[[ COLLECTED DATA open ]]

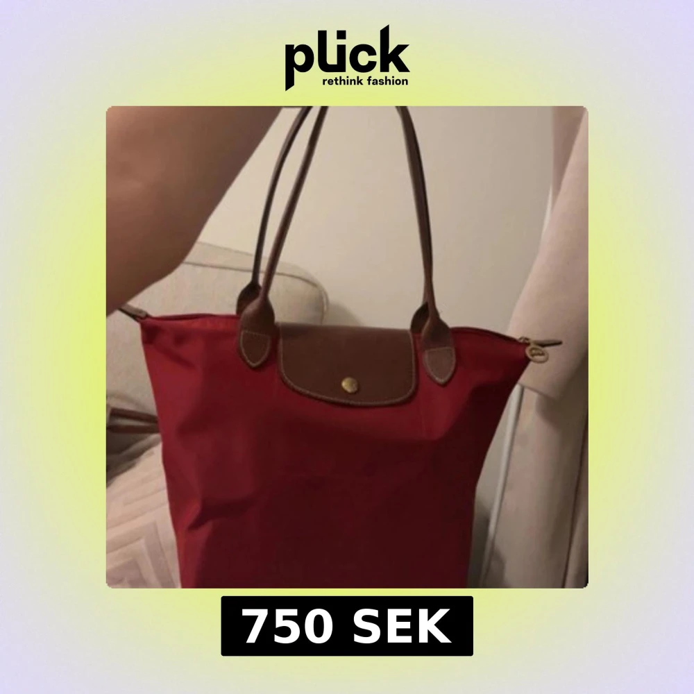 Snygg röd handväska från Longchamp med bruna skinnhandtag och lock. Väskan har klassisk form, guldfärgade detaljer och dragkedja upptill. Perfekt för dig som vill ha en stilren och rymlig väska till vardagen.
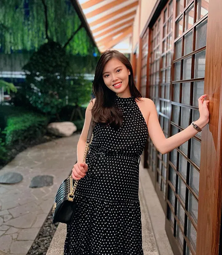 谁说准妈妈就不能“少女”和“梦幻”?谢静仪就穿上独角兽色系的无袖连身裙,搭配经典款包包,用最美的笑容来展现准妈妈的好心情。
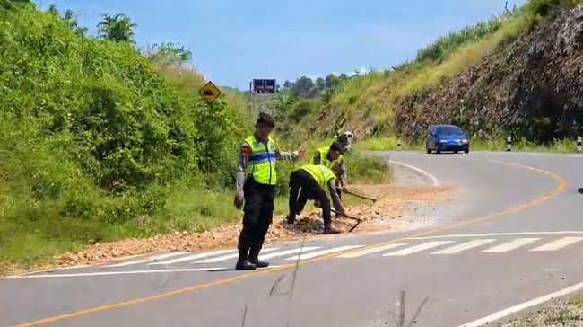 "Tindakan personel dalam membantu membersihkan jalan ini sangat mulai. Jadi para pengendara dapat melintas aman, dan tidak terganggu dengan material yang menutup jalan," terangnya.
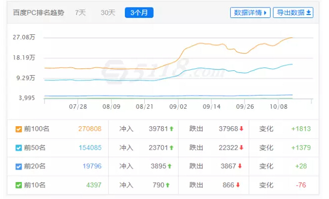 域名權(quán)重信息代表著是否排名前50的域名中是不是都是有權(quán)重還比較低的域名,這樣你才有機會擠進去。

[[ COLLECTED DATA closed ]]

→ **PROBLEM TO SOLVE**:
Please output every line of the listing as it stands, and omit its images.

→ **RESPONSE TO THIS EXERCISE**:
 Snygg röd handväska från Longchamp med bruna skinnhandtag och lock. Väskan har klassisk form, guldfärgade detaljer och dragkedja upptill. Perfekt för dig som vill ha en stilren och rymlig väska till vardagen.
 谁说准妈妈就不能“少女”和“梦幻”?谢静仪就穿上独角兽色系的无袖连身裙,搭配经典款包包,用最美的笑容来展现准妈妈的好心情。
 "Tindakan personel dalam membantu membersihkan jalan ini sangat mulai. Jadi para pengendara dapat melintas aman, dan tidak terganggu dengan material yang menutup jalan," terangnya.
 域名權(quán)重信息代表著是否排名前50的域名中是不是都是有權(quán)重還比較低的域名,這樣你才有機會擠進去。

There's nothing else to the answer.